Courtrooms become latest battleground in Idle No More

Tease the day: Court challenges join flash mobs and blockades as tools of protest


CP/Fred Chartrand

The breadth of Aboriginal protest in Canada this week is difficult to overstate. Attawapiskat Chief Theresa Spence’s protest on Victoria Island is well known, as are the various blockades, flash mobs and demonstrations across the country that comprise Idle No More. But the newest battleground between First Nations and the feds is the courtroom. Later today, Federal Court will rule on whether or not the federal government has an obligation to negotiate treaty rights and assorted benefits with Métis and non-status Indians (UPDATE: The FCC found in favour of the Métis [PDF]). The Globe and Mail suggests the decision, no matter which side it favours, will be appealed—setting the stage for a Supreme Court showdown in a number of years. At the same time, two Alberta First Nations are challenging in court the federal omnibus budget bill that set off Idle No More protests last year. Yet more fronts in a widening conflict that continues to build just days before Prime Minister Stephen Harper meets with Aboriginal leaders, including Spence, to talk about treaty rights and economic development.

What’s above the fold this morning?

The Globe and Mail leads with rising tensions in the days before Prime Minister Stephen Harper’s meeting with Aboriginal leaders (not online). The National Post fronts a judge’s decision to slam police for not breaking up rail blockades linked to Idle No More protests. The Toronto Star goes above the fold with Mayor Rob Ford’s fight for his political life in a Toronto courtroom. The Ottawa Citizen leads with chronic accounting issues on the Attawapiskat First Nation, stretching back several years. iPolitics fronts the federal privacy commissioner’s attempt to find a compromise with the government on controversial internet surveillance legislation. CBC.ca leads with Attawapiskat Chief Theresa Spence’s dismissal of the latest unfavourable audit of her community as a distraction. National Newswatch showcases Chantal Hebert’s column in the Toronto Star that suggests the next few months could make or break the Liberal brand in Canada.

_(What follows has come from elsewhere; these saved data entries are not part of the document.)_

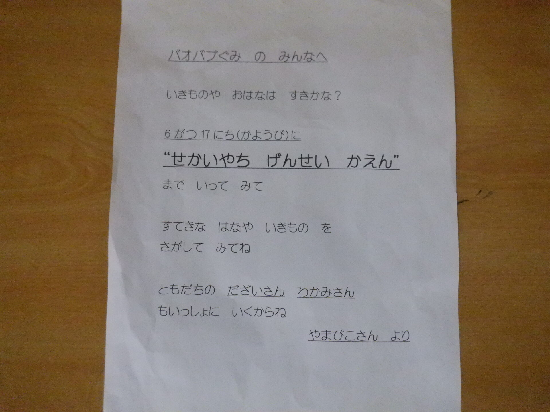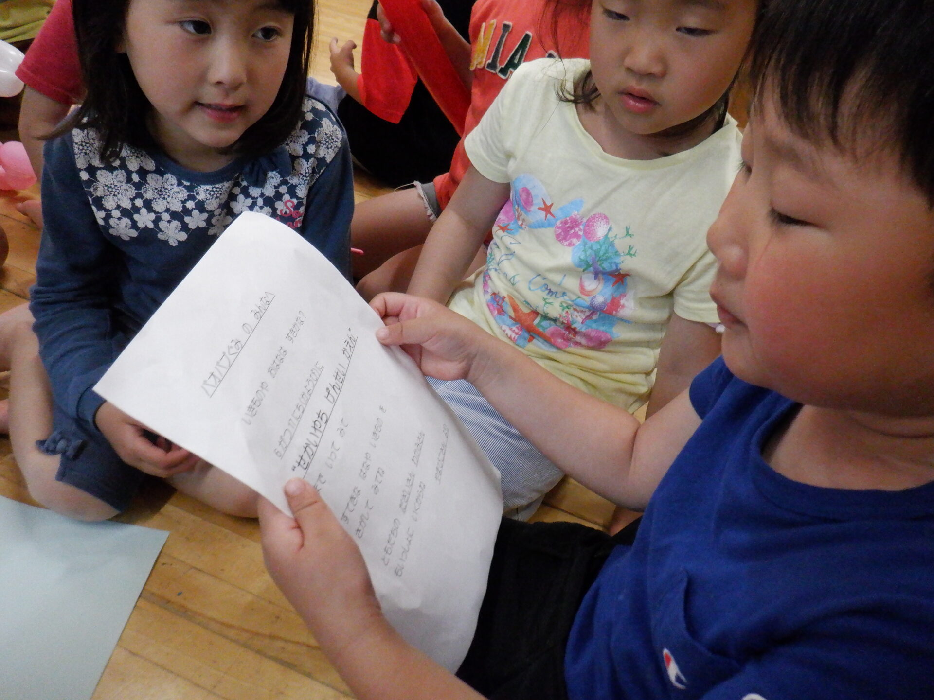 本来なら、4・5歳児クラスの子ども達とその保護者の方と一緒に
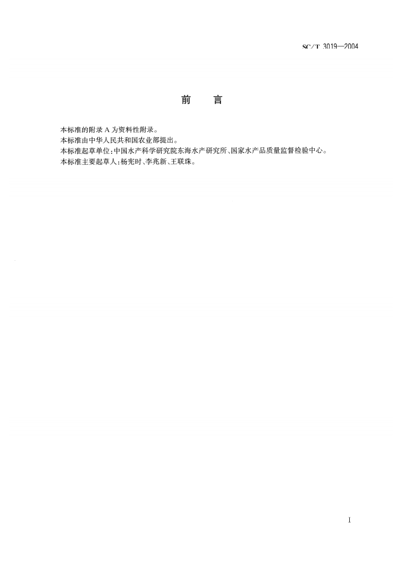 SC-T-3019-2004348072@abc4个月前发布关注私信0.51MB5页041SC-T-3019-2004此内容为付费资源,请付费后查看¥13¥23黄金会员免费钻石会员免费立即购买您当前未登录!建议登陆后购买,可保存购买订单付费资源 第1页 / 共5页 第2页 / 共5页 试读已结束,还剩3页,您可下载完整版后进行离线阅读 THE END标准规范 文本预览 ICs67.050B50SH中华人民共和国水产行业标准SC/T3019-2004水产品中喹乙醇残留量的测定液相色谱法Determination of olayuindux residues in fishery productsHigh-performance of liquid chromatography2004-01-07发布2004-03-01实施中华人民共和国农业部发布 查看更多 收起部分 喜欢就支持一下吧收藏
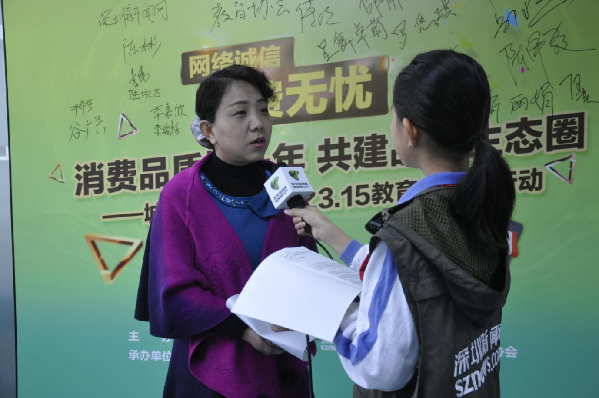 深網小記者現(xiàn)場采訪深圳市消費者委員會投訴部部長靳麗娟
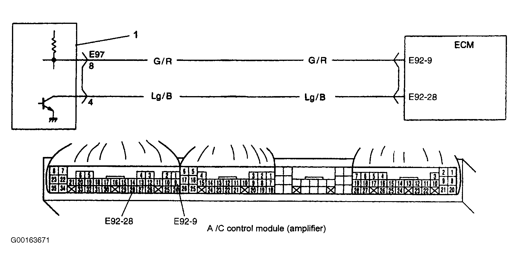 - Check for open or short in Green/Red wire between A/C amplifier and ECM. See Fig 1
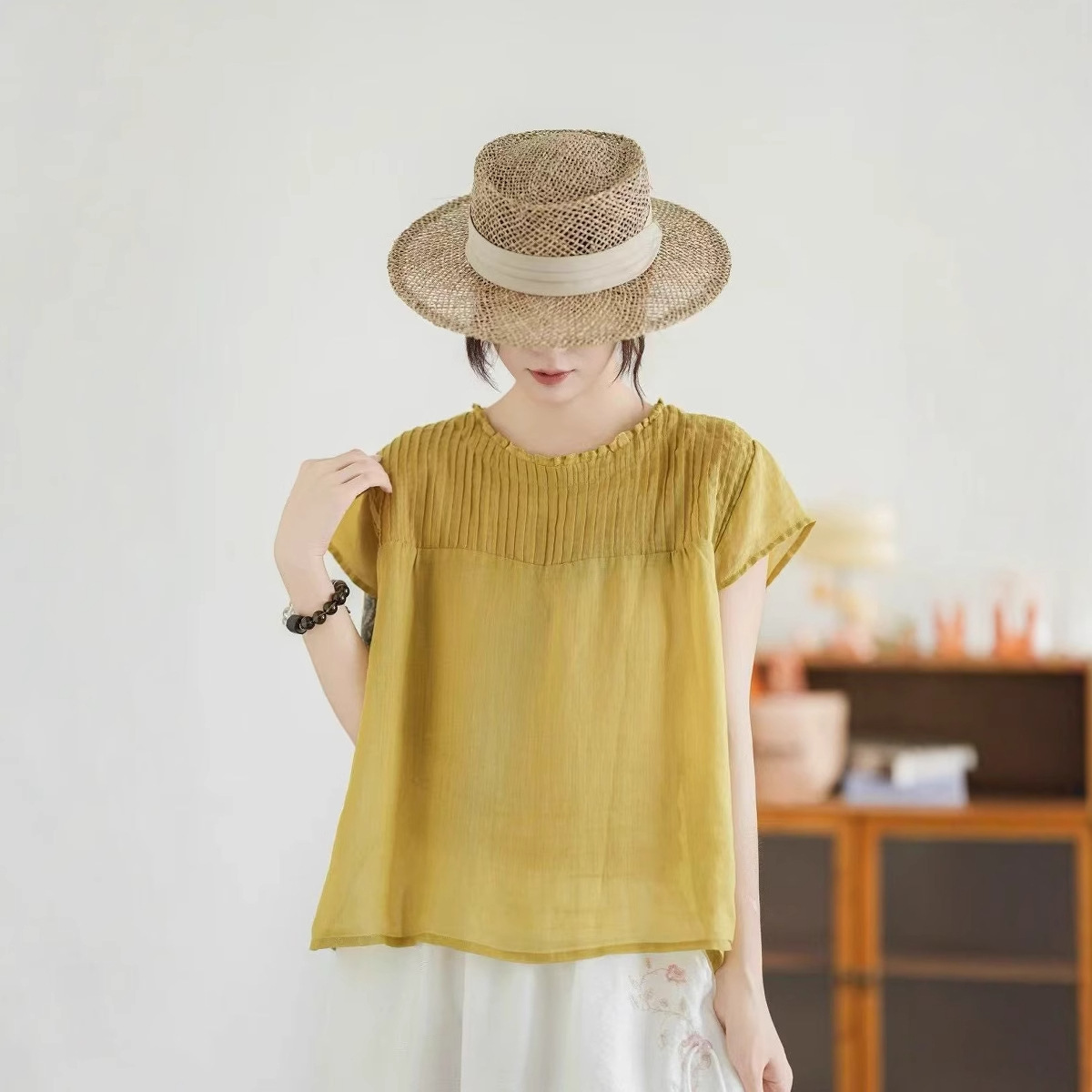Kaus Lengan Kecil Fly Lipit Gaya Sastra dan Seni Ramie Mengurangi Usia Versi Korea Musim Panas 2025 Kaus Kecil Mudah Dipadu Padan Wanita 1829
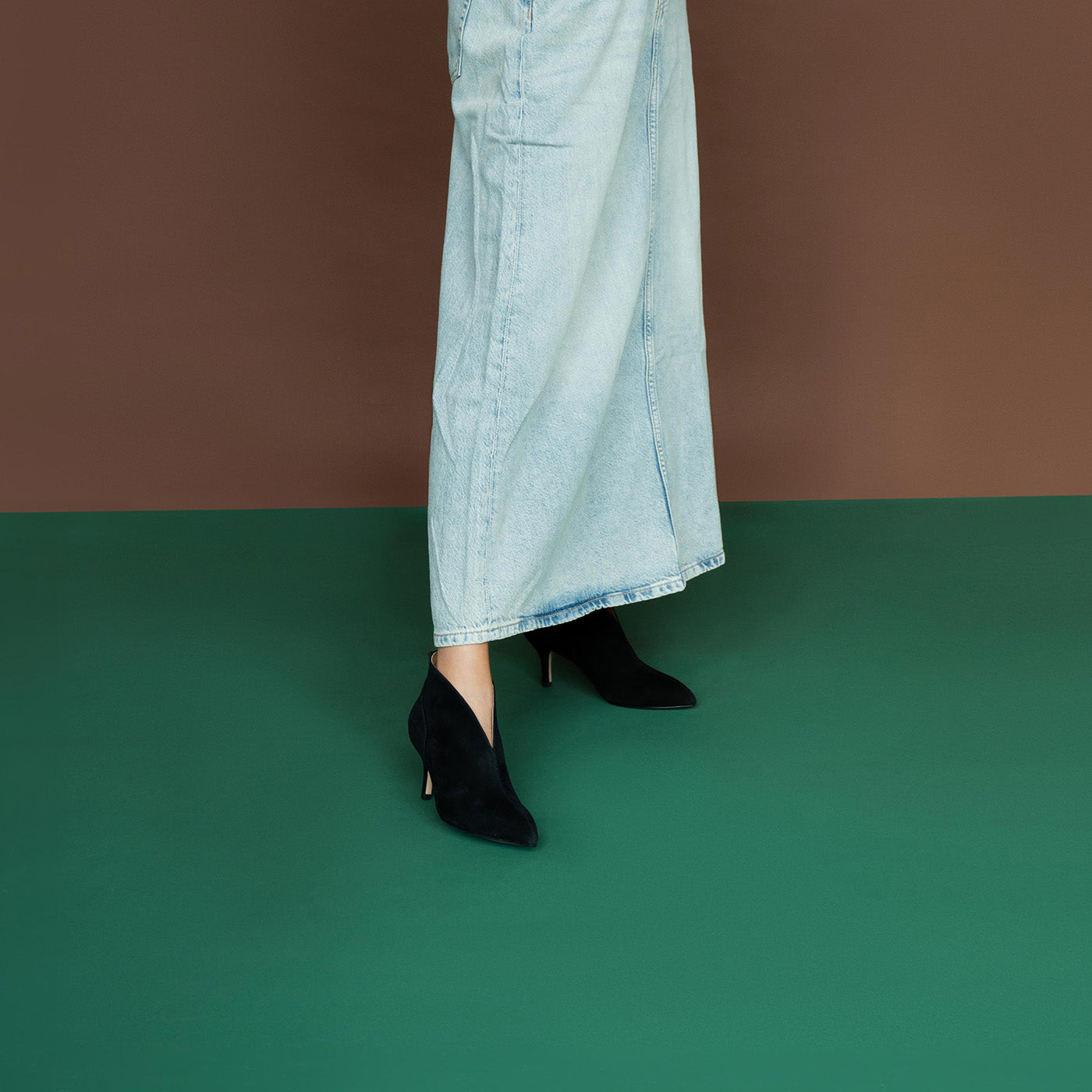 Valentine. Made from 100% certified LWG suede, this low-cut ankle bootie features a pointed toe and a structured, feminine silhouette. It includes an upcycled fish leather detail with ASC certification and WODEN’s Natural Soft Technology™ for added comfort and support. Suitable for day or evening wear.
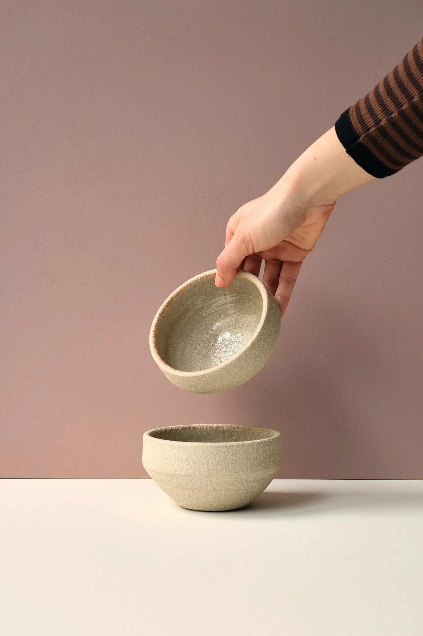 These small rounded bowls are perfect for your morning porridge, desserts and small snacks. Made from a satisfyingly heavyweight grogged clay with a rough unglazed outer and transparent glaze inside.
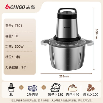 志高(CHIGO)绞肉机3升家用绞馅机304不锈钢多功能电动料理辅食机3L搅拌碎肉切菜机大容量饺子肉馅蒜蓉机 ts01
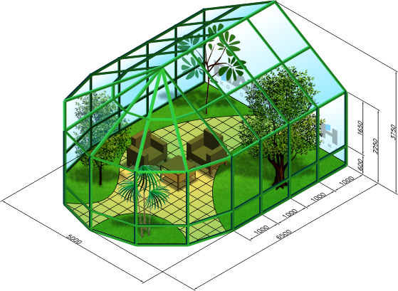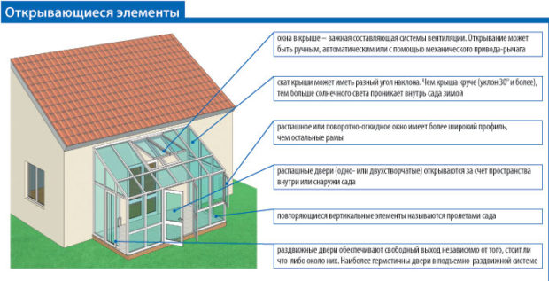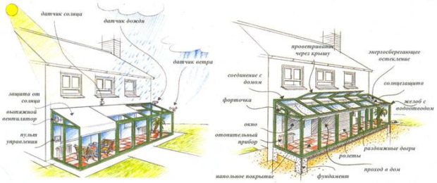 - la conception attachée à l'angle extérieur de la maison vous permet d'agencer plusieurs groupes de plantes dans le jardin qui nécessitent des conditions différentes en termes de lumière et de température;
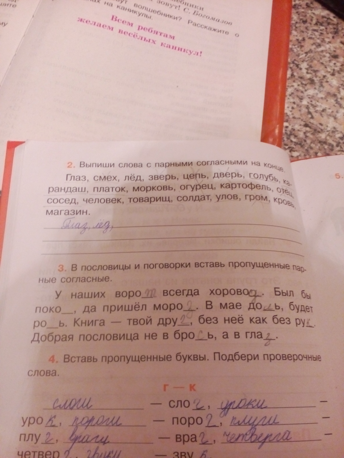 Глаз (з-с); лёд (д-т); цепь (п-б); голубь (б-п); карандаш (ш-ж); платок (к-г); морковь (в-ф); сосед (д-т); человек (к-г); солдат (т-д); улов (в-ф); кровь (в-ф).
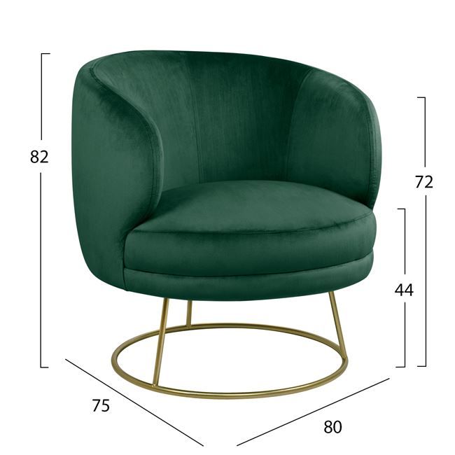 Фотьойл HM8403.03 е модерен и стилен фотьойл, който ще остави своя отпечатък във всеки хол. Кръглата му форма с кръгла метална основа, съчетана с нисък гръб и еднакви по височина ръце, „прегръщат“ тялото и предлагат комфорт и стил. Впечатляващият КИПАРИСНО ЗЕЛЕН цвят със ЗЛАТНА основа може да се комбинира с много други цветове в декорацията на всекидневната.
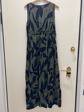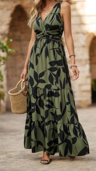Elegante vestito lungo estivo con una fantasia di foglie. Perfetto per le giornate calde. - Scollo a V incrociato. - Vita elasticizzata con dettaglio arricciato. - Gonna a balze. - Tessuto leggero e fluttuante.
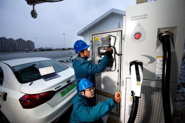 2月4日,国网淄博供电公司工作人员维护高速公路服务区充电桩,服务春节返乡车主及时充电。远德亮摄

Stories that will be (mostly) missed

1. XL warnings. Canadian Food Inspection Agency officials ordered the XL Foods plant at the heart of last year’s E.Coli outbreak to clean up its act at least six times in 2012. 2. Métis rights. Federal Court will rule today on the federal government’s obligation to negotiate treaty rights with Métis and non-status Indians—a decision that’s likely to be appealed.
3. Military costs. The Canadian Forces will now charge provinces and municipalities for disaster relief whenever it’s required, a move blamed on departmental budget cuts. 4. Death row. Ronald Smith, a Canadian convicted murderer who’s on death row in Montana won’t receive clemency from the outgoing Democratic governor, Brian Schweitzer.


Courtrooms become latest battleground in Idle No More

  1. This will not go through in the end, the cost to taxpayers is too much and the SCC knows this, the Métis and non-status Indians should nothing. Just another group looking for a free ride from those who work for a living.

    The two Alberta bands are challenging on a basis of supposedly weakened environmental oversight, boy are they barking up the wrong tree. Their left wing lawyers will be laughing all the way to the bank.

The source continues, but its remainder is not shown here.